5 In the Russian Federation, individuals guilty of such offenses in the area of energy markets may be brought to administrative or criminal liability for the committed offenses; guilty legal entities may be brought only to administrative liability.
6 While assessing efficiency of protection of energy market players’ rights against unlawful acts, one of the key issues is to determine whether under current conditions, criminal liability of individuals committing crimes in the interests of legal entities is sufficient, or it is required to establish criminal liability for the legal entities, in the interests of which crimes are committed by individuals.
7 In fact, there is an issue of recognizing or not recognizing a legal entity as a subject of crime.
8 In our opinion, Russian lawyers, who believe that in many cases “the role of the individual person as a criminal is relegated to the background, while the legal entity is brought to the forefront as a real criminal illegally receiving monetary or other benefits from criminal activities,” [4] should be supported.
9 At the same time, the issue of criminal liability of legal entities and the study of corporate crime, including in the energy sector, are still on the periphery of scientific research.
10 This is explained by the fact that in the Russian Federation, criminal liability of legal entities is not yet provided, and since crime is a phenomenon of criminal law, there is no such crime de jure.
11 What is recognized as the crime committed by legal entities abroad, in Russian realities is regarded as delicts of legal entities, that is, unlawful acts that are not crimes.
12 This is due to a number of circumstances.

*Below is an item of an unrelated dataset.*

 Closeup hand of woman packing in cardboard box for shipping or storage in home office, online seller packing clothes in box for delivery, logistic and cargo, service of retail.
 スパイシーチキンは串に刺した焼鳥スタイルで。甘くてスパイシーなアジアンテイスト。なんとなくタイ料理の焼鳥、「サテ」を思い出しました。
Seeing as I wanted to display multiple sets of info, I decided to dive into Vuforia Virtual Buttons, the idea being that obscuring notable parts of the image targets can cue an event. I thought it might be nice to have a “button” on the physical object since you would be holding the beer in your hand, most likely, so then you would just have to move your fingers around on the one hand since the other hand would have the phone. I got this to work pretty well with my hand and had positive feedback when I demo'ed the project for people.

13 First, in our country, crime is traditionally identified by the acts of individuals.
14 Second, in the Soviet era, when socialist ownership of production tools and facilities prevailed, the study of issues of crimes committed by legal entities and their liability were rejected for ideological reasons, and foreign experience of establishing such liability was evaluated from the point of view of classes as aimed to infringe workers’ rights.
15 Third, during the transition from socialist to market relations, attention was focused only on the civil liability of legal entities, and offenses involving them were often perceived as an inevitable temporary negative phenomenon of the period of initial capital accumulation that does not require recognition of legal entities as subjects of crime and administrative offenses.

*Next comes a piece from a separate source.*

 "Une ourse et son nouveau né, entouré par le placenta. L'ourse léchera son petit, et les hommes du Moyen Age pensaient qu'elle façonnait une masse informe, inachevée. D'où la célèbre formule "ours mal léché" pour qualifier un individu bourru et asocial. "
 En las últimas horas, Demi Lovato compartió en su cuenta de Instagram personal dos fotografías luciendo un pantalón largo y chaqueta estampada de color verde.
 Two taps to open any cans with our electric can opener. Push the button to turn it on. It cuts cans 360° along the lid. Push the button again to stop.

16 Nevertheless, in the domestic criminological research and comparative legal studies, the actual presence in the Russian Federation of crimes committed by legal entities in the supranational meaning of them as a social reality that requires comprehensive study and an adequate response from the state began to receive recognition. Therefore, research of I.M. Matskevich, who substantiates the existence of such a subject of crime as the legal entity from a criminological point of view [5], should be mentioned.
17 Moreover, administrative liability of legal entities has already been established and received a doctrinal justification. It is used in cases established by law in committing administrative offenses or crimes by individuals on behalf of or in the interests of the relevant legal entities. For example, Federal Law dated December 25, 2008, No. 280-ФЗ On Amendments to Certain Legislative Acts of the Russian Federation in Connection with the Ratification of the United Nations Convention against Corruption dated October 31, 2003 and the Criminal Law Convention on Corruption dated January 27, 1999, and Adoption of the Federal Anti-Corruption Law supplemented the Code of the Russian Federation on Administrative Offenses with Article 19.28. Illegal Remuneration on Behalf of a Legal Entity that establishes liability of legal entities for illegal transfer, on behalf of or in the interests of a legal entity, to an official or a person performing managerial functions in a business or other organization, of money, securities, and other property as well as unlawful rendering of property services to it for performance, in the interests of this legal entity, by the official or the person performing managerial functions in the business or other organization of actions (omission) related to their official position.